He hasn't had solid food for almost two months. He is not willing to consider eating the sorts of things I've tried to create for him with added protein in them (neither will he take the time/make the effort to finely mince any meats or to use our blender) so he's been getting weaker as his cold progresses and he tries to sustain himself with oatmeal & honey, coffee, chicken noodle soup, and cookies he can break up and suck to dregs. The last week has featured a sore throat so bad that he cannot talk or swallow without severe pain. So nothing that is larger than a piece of rice can be in his food, especially if it is dry or 'scratchy'. Shockingly, that prompted a visit to our GP - a rare occurrence in Bossman's life. He's the kind of person who'd have to have his arm ripped off and be unable to stop the bleeding with his other hand before he'd consider a visit to a medical expert.

I've just been down with his passed-on-to-me cold. Luckily for me it appears to finally be moving on after a week & a half. But in the meanwhile neither of us have been doing much besides slouching around the house in jammies, bathrobes, and slippers while reading (or sleeping) the hours away. Microwavable food has been the mainstay of my diet. Along with peanut butter sandwiches. And oh how my scale is reacting to that!
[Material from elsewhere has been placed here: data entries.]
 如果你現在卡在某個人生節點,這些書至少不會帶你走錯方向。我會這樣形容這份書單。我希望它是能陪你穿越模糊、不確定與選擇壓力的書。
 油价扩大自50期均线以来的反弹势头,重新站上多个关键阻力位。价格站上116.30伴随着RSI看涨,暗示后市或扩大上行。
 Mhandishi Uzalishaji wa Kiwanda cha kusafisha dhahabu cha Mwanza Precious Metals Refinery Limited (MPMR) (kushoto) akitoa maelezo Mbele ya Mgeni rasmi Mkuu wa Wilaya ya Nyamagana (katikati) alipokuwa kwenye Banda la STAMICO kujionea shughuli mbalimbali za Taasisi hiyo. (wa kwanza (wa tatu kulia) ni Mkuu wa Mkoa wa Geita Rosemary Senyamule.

But about three in the afternoon today, after a nice 4-hour nap, I awoke feeling like an old battery in a Walkman - there was power so long as not too much was expected. A long shower was taken (heaven!). Real clothes put on. The various bits of recyclable materials that had blown all over two lawns (thank you, storm, for only barely dusting us with snow even though you managed to blow about a third of our willow's branches off and send our recycling bin tumbling to the ground, spreading our recycling all over our lawn and our neighbor's, and the lid acted as a pool liner for freezing rain for three days. I've never seen a sheet of ice quite so solid as that until this evening when we watched the "Agent Carter" episode we saved from last week.) It took two days of weak sunlight before I could pry the cans out of the ice sheet to throw them away again.
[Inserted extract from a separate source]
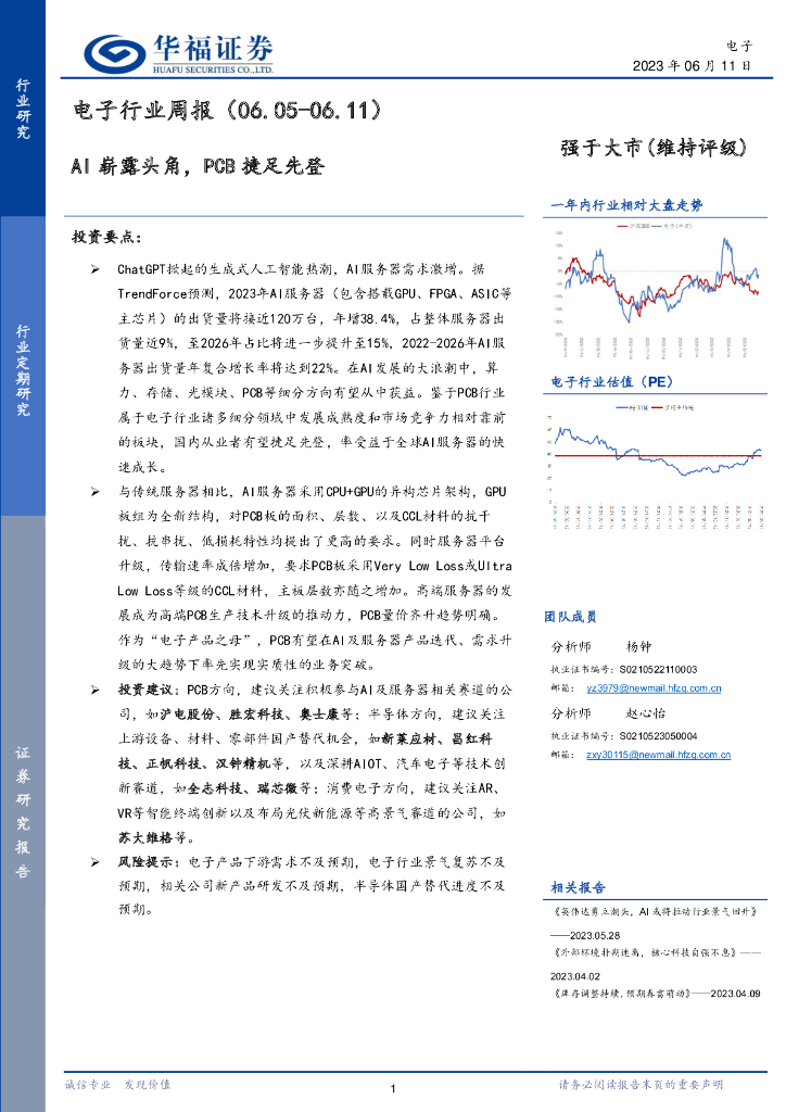 华福证券:电子行业周报:AI崭露头角,PCB捷足先登.pdf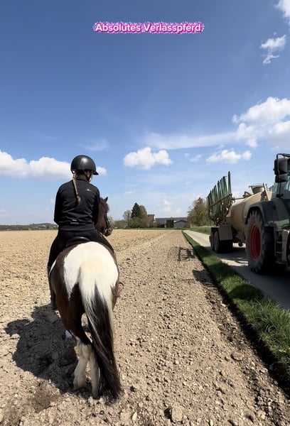 Wunderschöner großer Isländer Wallach, 5 Jahre, großrahmig, viergängig, supercool mit traumhafter Scheckung Manchmal kommt ein Pferd, das einfach alles mitbringt: Charme, Charakter, Talent, Größe und absolute Coolness. Dieser bildhübsche 5 jährige Island Wallach, in Deutschland geboren, begeistert nicht nur mit seiner wunderschönen harmonischen Scheckung sondern vor allem mit seinem einzigartig ausgeglichenen und freundlichen Wesen. Mit aktuell ca. 1,44 m Stockmaß und einem geschätzten Endmaß von etwa 1,48 m ist er ein sehr großer, kräftiger und großrahmiger Isländer, der auch für größere Reiter hervorragend geeignet ist. Er ist ein echtes Traumpferd für Freizeitreiter, ambitionierte Töltliebhaber und alle, die ein nervenstarkes Verlasspferd suchen. Charakter, einfach ein Goldschatz Dieser liebe Wallach ist ein Pferd, das durch seine innere Ruhe und Gelassenheit begeistert. Er ist: • supercool • ausgeglichen • menschenbezogen • freundlich • verspielt mit Artgenossen • bestens sozialisiert • neugierig und lernfreudig Besonders beeindruckend ist seine Einstellung zu allem Neuen: Er liebt es, unbekannte Situationen zu entdecken und bleibt dabei entspannt und souverän. Gerade im Gelassenheitsparcours zeigt er seine absolute Stärke. Hier ist er mit Freude, Neugier und großer Coolness bei der Sache und lässt sich nicht aus der Ruhe bringen. Ausbildung, sicher viergängig mit tollem Tölt Aktuell ist er klar viergängig geritten und überzeugt besonders durch seinen sicheren, angenehm zu sitzenden Tölt. Sein Galopp ist super durchgesprungen und leicht regulierbar. Er lässt sich am komplett durchhängenden Zügel im Galopp entspannt weiterreiten, ohne dabei das Tempo zu steigern. Das macht ihn gerade für Reiter interessant, die ein bequemes, leicht zu regulierendes und nervenstarkes Reitpferd suchen, welches ein gewisses Maß an Sicherheit vermittelt. Er zeigt dabei bereits: • eine gute Balance • viel Übersicht • eine tolle Arbeitseinstellung • entspannte Lauffreude • Talent für mehr Hier wächst definitiv ein Pferd heran, das nicht nur ein fantastisches Freizeitpferd sondern durchaus auch für weitere Förderung sehr interessant ist. Gelände, entspannt und zuverlässig Er war bereits mehrfach mit im Gelände und hat dort ebenfalls absolut überzeugt. Neue Wege, Umweltreize und unterschiedliche Situationen hat er durchweg souverän und easy gemeistert. Er zeigt sich mutig, gelassen, aufmerksam, sicher, unkompliziert. Schon jetzt ist er ein herrliches Ausreitpferd, das seinem Reiter ein tolles Gefühl von Sicherheit vermittelt. Haltung & Alltag Er ist in Deutschland geboren und kennt robuste 365-Tage-Draußenhaltung, was ihn zu einem gesunden, ausgeglichenen und hervorragend sozialisierten Jungpferd gemacht hat. Selbstverständlich ist er, schmiedefromm, verladefromm, ekzemfrei, unkompliziert im täglichen Handling und absolut verträglich in der Herde Fazit Ein außergewöhnlich sympathischer, großrahmiger und wunderschöner Islandwallach, der bereits jetzt durch Rittigkeit, Coolness, Töltqualität und Charakter begeistert. Ein Pferd für Menschen, die nicht einfach irgendeinen Isländer suchen, sondern einen echten Partner fürs Leben mit Talent, Verlassqualität und ganz viel Herz. Ein Traumpferd in jeder Hinsicht. Für einen Termin mit Vorreiten und Probereiten berechnen wir 40€, die beim Kauf des Pferdes selbstverständlich erstattet werden. Hierfür bitten wir Sie um Verständnis. Bei Interesse und Rückfragen melden Sie sich gerne telefonisch oder per WhatsApp unter 049(0)1709343872

Anyway. Dishes have been fully washed for the first time in two weeks, bathrooms shined up a bit, and the kitty box thoroughly cleaned. Boy, was that a relief to get done. I am promising myself a full sit-down with my computer and emails (Pennsic staff work) tomorrow. And vacuuming. There needs to be vacuuming. But primarily emails must be read, digested, and answered.
stitchwhich: (Lego Viking Woman)
I was reading someone else's blog and they mentioned that they'd be 'taking a week off' because they were starting on an anti-depressant/anxiety medication which they knew would give them mild flu-like lethargy and aches. It made me stop and think for a moment. Two weeks ago I, too, was prescribed the same sort of thing... I've rather violently rejected the idea of taking anything like that for years - actually, rejected taking any kind of pill at all, having been raised by a woman addicted to prescription drugs. It scars a child, being the one who sits with her parent and cares for them while they detox again and again at home, away from medical care, throughout that child's middle years of growing.
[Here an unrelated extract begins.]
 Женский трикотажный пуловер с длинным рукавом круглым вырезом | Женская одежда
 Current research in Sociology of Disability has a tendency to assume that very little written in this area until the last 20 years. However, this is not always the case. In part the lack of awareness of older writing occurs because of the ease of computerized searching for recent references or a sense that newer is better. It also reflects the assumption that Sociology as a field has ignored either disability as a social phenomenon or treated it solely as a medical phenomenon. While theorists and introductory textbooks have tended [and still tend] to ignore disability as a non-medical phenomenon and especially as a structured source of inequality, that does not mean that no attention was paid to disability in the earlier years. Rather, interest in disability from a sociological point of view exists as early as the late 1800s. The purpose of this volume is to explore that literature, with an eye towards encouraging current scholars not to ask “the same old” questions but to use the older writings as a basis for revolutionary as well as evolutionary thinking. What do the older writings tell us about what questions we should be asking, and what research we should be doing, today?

But my insomnia was getting worse. To the point that I was willing to ask for sedatives (figuring that my expected lifespan will be at best 20 years, I was willing to risk getting addicted to them if I could just sleep more often than once every couple of days.) Instead the doctor suggested that I was experiencing heightened anxiety and suggested treating that as a first step. So with trepidation I've started the regime... I have been sleeping better. Sometimes f-a-r better than I think I should be. Some days have seen as much as 16 hours of sleep but I supposed I've some 'catching up' to do. I haven't, however, completely kicked the bouts of insomnia nor found an improved ability to concentrate and have been spending a goodly portion of my awake hours sort of in and out of focus. Which brings me back around to what I first mentioned reading. Perhaps, since it 'takes a couple of weeks to adapt to the medication' what I've been experiencing is akin to the aforementioned author's 'flu-like lethargy'. I hope so. I also hope that it will go the heck away soon because I have things piling up on my desk which need addressing. As well as sewing projects that are beginning to clamor for attention. (I am a deputy chatelaine specifically in charge of our Gold Key/loaner clothing and have not yet even looked in the bins to see what is available, in need of repair, or needed to be re-stocked. We don't have an event scheduled until January, which gives me a nice healthy chunk of time to get that taken care of, if I could just motivate myself.)
stitchwhich: (Lego Viking Woman)
We're packed for Pennsic. It's a shorter visit than it has been in the past - usually we'd already be there, working to build it before everyone else arrives, but this year that isn't our gig and it feels.... nice. Relaxing, actually.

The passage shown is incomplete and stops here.